━━━━━ EXERCISE DATA ━━━━━

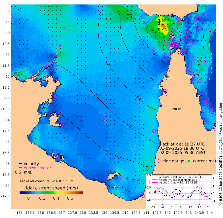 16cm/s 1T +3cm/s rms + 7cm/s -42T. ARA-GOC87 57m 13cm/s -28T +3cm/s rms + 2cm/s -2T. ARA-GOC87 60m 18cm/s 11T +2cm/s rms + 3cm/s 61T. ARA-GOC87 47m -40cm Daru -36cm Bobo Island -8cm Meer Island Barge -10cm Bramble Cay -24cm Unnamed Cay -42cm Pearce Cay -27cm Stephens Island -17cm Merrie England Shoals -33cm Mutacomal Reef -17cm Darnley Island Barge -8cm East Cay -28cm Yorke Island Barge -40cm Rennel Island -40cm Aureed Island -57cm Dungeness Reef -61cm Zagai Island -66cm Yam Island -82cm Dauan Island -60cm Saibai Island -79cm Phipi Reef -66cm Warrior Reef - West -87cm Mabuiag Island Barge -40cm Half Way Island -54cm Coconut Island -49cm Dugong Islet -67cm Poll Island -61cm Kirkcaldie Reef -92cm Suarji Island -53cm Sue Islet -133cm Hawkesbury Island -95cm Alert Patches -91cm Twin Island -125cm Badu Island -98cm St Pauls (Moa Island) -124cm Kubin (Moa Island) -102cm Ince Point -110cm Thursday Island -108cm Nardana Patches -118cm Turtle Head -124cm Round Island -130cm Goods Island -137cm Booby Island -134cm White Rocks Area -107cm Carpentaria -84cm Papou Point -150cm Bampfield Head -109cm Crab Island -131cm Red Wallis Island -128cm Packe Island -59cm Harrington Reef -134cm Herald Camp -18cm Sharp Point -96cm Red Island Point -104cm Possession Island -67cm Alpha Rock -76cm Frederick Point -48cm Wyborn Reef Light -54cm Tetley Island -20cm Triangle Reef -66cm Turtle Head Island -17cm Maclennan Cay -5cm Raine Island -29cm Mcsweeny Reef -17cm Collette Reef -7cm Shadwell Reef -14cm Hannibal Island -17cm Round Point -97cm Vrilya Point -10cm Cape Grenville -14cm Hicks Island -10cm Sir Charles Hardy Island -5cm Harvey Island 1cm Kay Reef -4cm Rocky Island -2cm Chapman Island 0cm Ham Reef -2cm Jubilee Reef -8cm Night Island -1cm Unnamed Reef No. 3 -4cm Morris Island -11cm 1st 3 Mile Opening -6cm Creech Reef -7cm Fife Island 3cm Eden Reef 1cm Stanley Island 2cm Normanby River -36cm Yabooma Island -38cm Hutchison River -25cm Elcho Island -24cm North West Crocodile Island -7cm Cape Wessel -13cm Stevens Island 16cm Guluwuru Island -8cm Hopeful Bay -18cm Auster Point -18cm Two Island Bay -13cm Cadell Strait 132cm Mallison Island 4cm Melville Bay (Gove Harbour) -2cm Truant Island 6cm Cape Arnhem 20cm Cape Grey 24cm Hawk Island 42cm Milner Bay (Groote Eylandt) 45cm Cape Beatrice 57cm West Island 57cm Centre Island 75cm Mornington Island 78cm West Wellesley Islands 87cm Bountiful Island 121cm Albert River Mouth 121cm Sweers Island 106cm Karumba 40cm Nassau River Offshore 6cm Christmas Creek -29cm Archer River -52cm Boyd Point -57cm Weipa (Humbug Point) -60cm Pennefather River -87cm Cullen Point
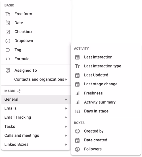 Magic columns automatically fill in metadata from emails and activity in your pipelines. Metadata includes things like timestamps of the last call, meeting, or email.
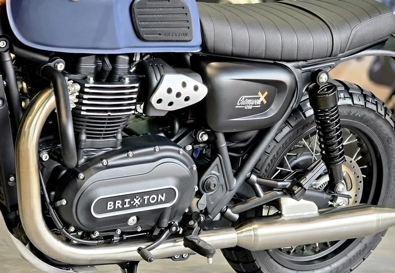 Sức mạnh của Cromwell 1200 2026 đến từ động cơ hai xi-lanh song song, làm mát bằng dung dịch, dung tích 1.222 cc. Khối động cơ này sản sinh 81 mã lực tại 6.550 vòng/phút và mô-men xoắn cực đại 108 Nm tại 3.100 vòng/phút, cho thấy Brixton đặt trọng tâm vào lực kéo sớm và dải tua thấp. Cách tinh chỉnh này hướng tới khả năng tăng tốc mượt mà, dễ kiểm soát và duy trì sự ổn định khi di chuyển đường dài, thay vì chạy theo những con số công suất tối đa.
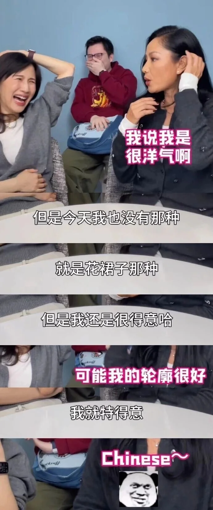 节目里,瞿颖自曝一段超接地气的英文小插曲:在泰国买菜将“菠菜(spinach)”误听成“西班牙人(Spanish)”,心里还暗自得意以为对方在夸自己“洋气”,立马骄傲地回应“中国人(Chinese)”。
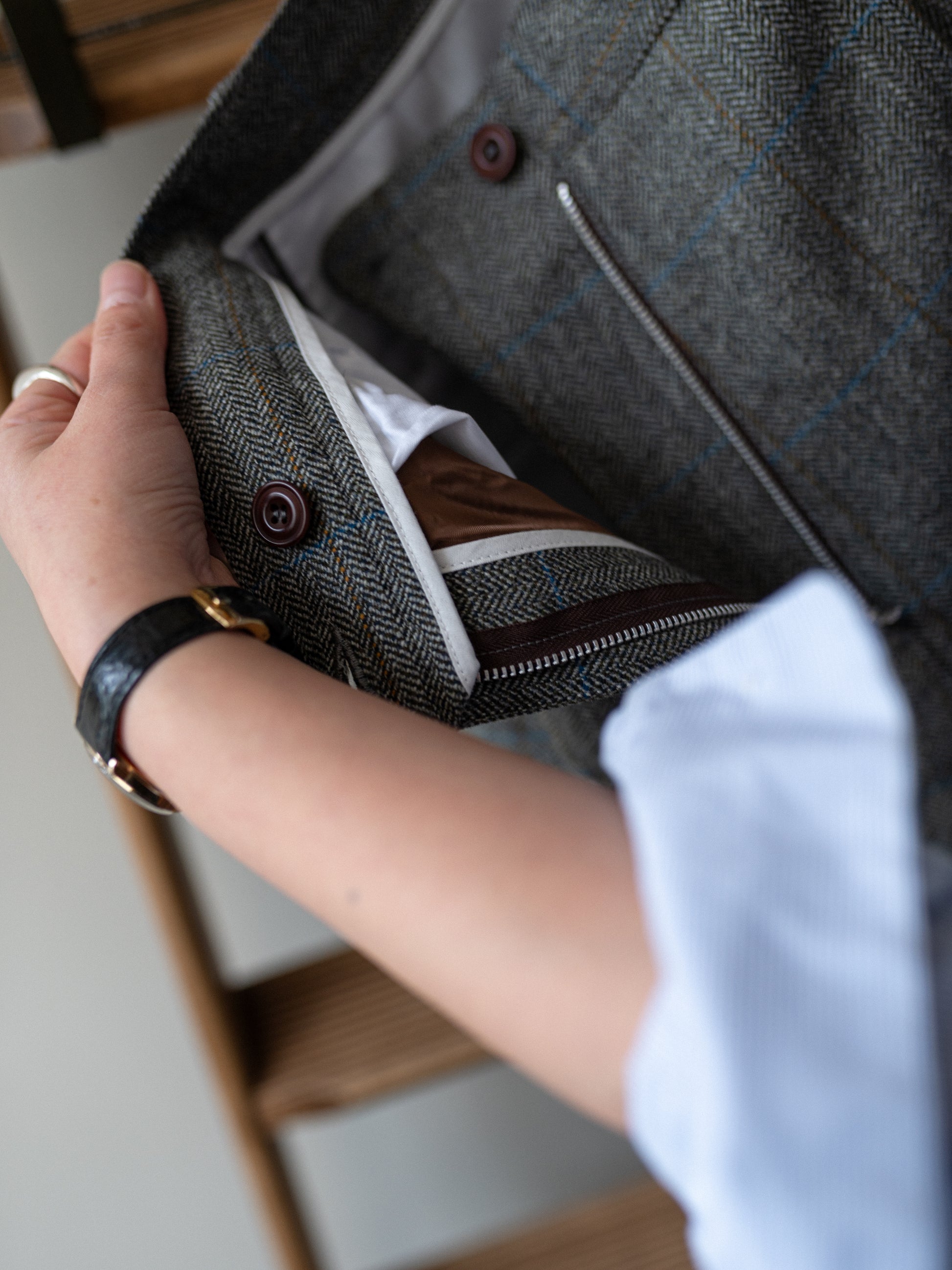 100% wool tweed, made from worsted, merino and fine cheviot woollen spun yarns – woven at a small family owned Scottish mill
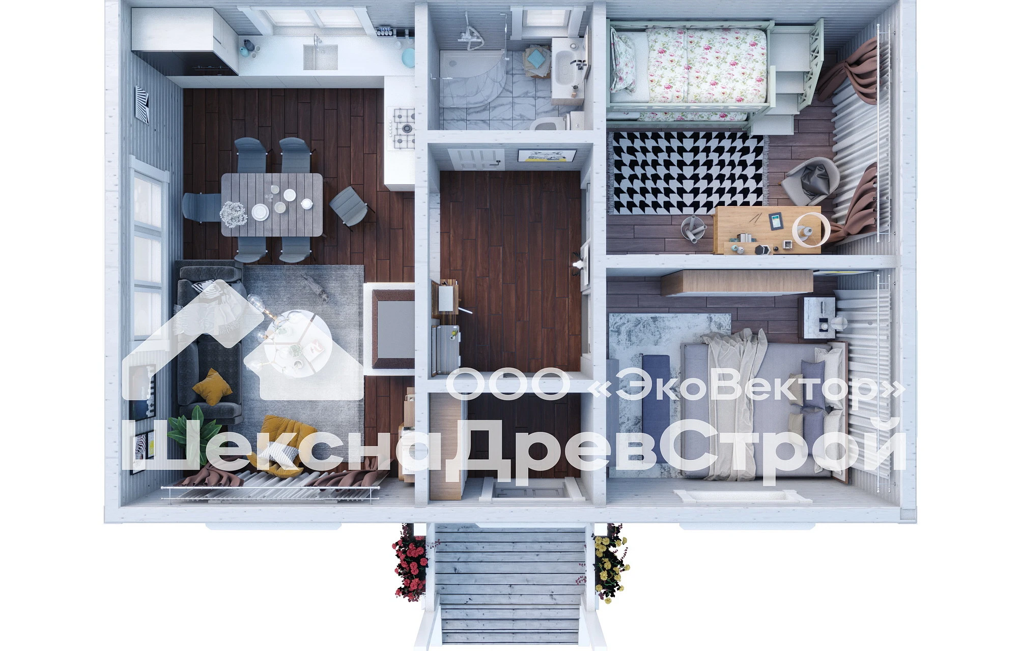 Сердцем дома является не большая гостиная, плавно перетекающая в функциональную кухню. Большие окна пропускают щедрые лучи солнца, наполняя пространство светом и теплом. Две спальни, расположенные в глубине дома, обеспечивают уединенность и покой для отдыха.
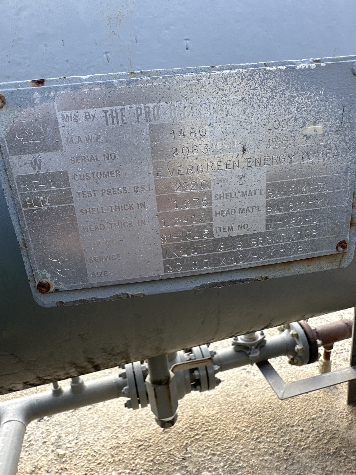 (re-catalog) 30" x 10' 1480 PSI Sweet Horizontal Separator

━━━━━
━━━━━ EXERCISE DATA ━━━━━

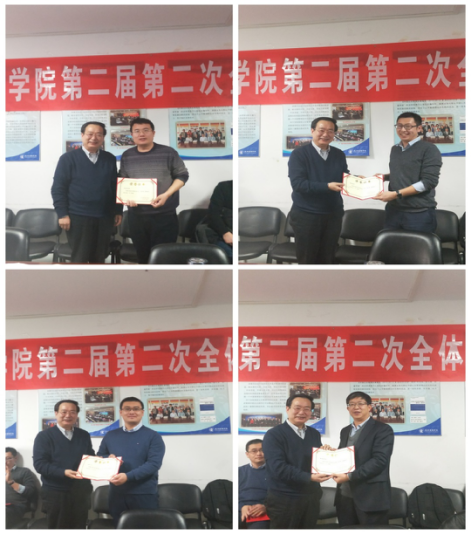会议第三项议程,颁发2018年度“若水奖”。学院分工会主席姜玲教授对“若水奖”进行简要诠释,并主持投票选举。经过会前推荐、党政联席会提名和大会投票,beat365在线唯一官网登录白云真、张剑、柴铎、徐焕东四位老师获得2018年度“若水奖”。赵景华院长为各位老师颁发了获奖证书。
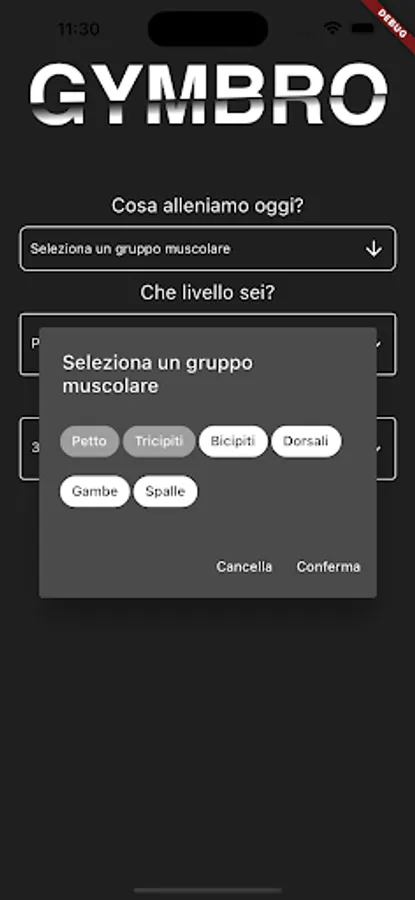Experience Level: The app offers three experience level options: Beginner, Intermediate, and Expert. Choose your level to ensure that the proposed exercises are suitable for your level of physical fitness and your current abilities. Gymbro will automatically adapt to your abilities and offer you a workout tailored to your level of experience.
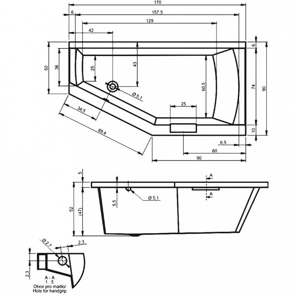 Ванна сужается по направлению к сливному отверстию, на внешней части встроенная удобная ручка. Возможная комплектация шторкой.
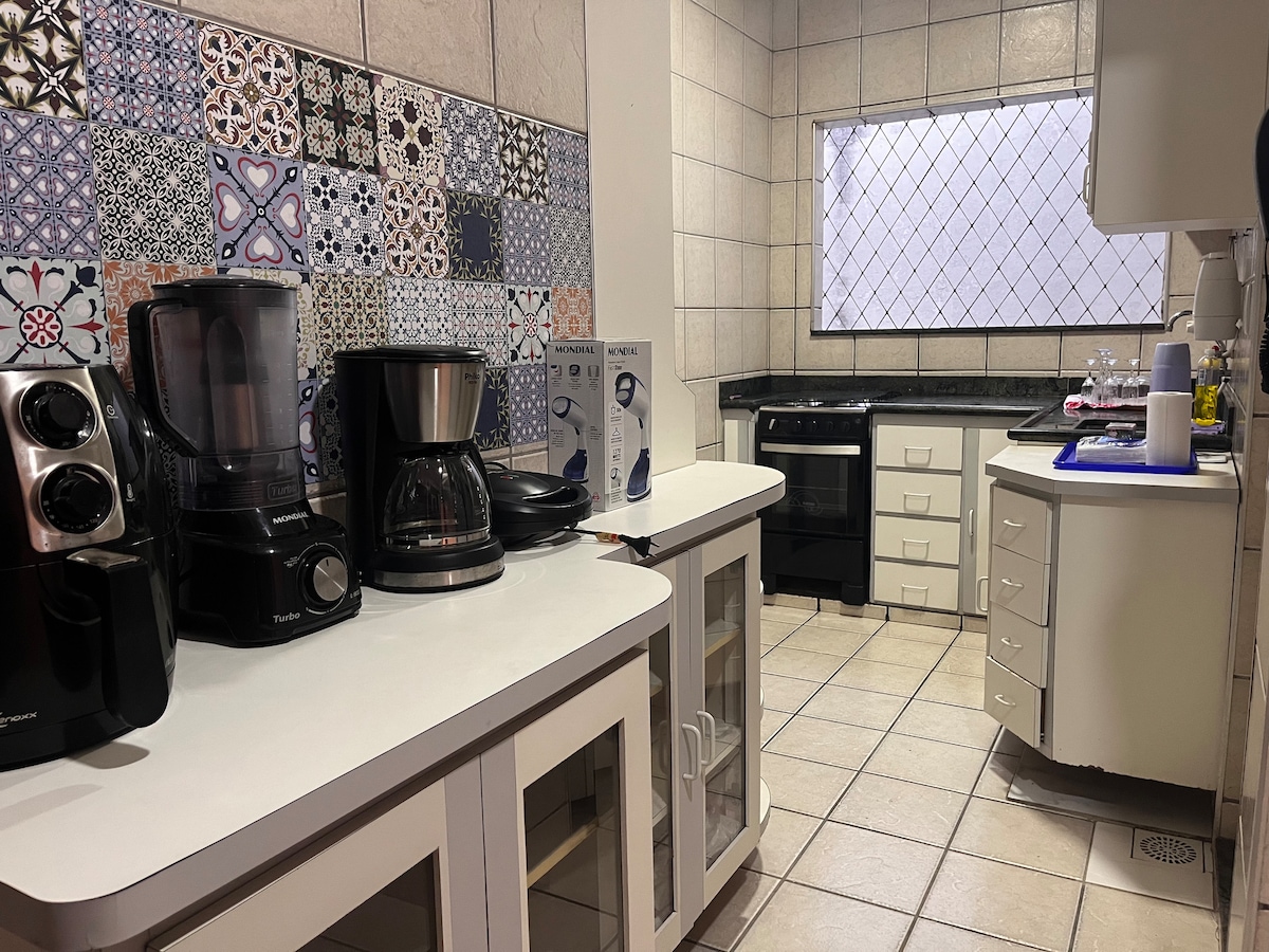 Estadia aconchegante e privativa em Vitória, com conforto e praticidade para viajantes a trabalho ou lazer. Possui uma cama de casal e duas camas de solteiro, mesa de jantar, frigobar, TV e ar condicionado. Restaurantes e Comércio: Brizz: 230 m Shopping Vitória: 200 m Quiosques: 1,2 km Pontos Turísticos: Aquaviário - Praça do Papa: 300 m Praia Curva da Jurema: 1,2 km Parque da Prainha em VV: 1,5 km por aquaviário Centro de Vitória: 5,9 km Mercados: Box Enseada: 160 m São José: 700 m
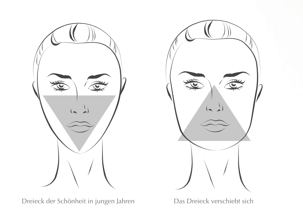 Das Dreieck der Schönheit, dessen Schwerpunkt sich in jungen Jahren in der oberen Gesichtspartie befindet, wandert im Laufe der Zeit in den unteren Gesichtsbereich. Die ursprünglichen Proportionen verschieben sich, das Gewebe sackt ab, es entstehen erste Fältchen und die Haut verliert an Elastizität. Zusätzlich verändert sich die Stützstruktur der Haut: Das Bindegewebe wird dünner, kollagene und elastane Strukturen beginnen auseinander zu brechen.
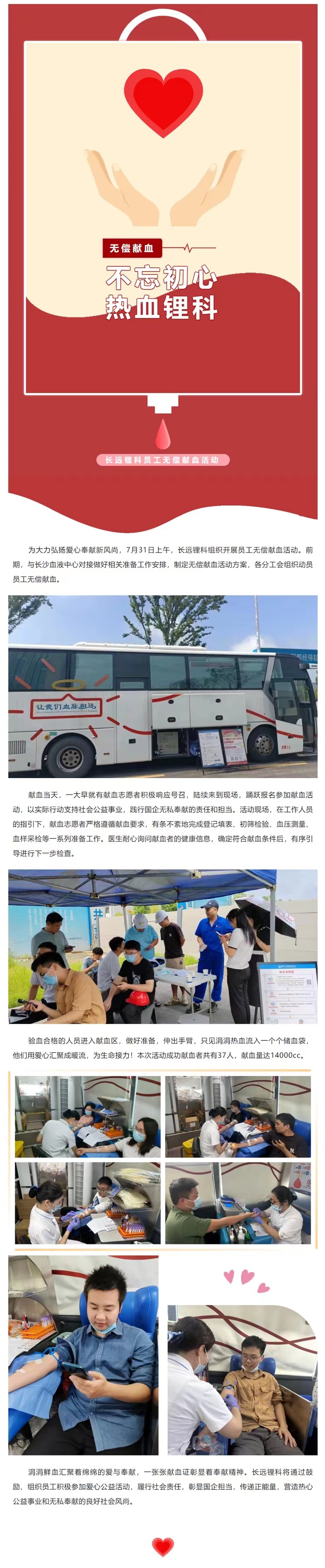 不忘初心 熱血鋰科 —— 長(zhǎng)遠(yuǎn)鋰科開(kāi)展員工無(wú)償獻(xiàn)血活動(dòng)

━━━━━

_WHAT YOU SHOULD DO_.
Leaving all pictures out, output exactly the lines of the material above from the line with "Сердцем дома является" to the line with "Sweet Horizontal Separator", both included.

_TASK RESPONSE_.
 Сердцем дома является не большая гостиная, плавно перетекающая в функциональную кухню. Большие окна пропускают щедрые лучи солнца, наполняя пространство светом и теплом. Две спальни, расположенные в глубине дома, обеспечивают уединенность и покой для отдыха.
 (re-catalog) 30" x 10' 1480 PSI Sweet Horizontal Separator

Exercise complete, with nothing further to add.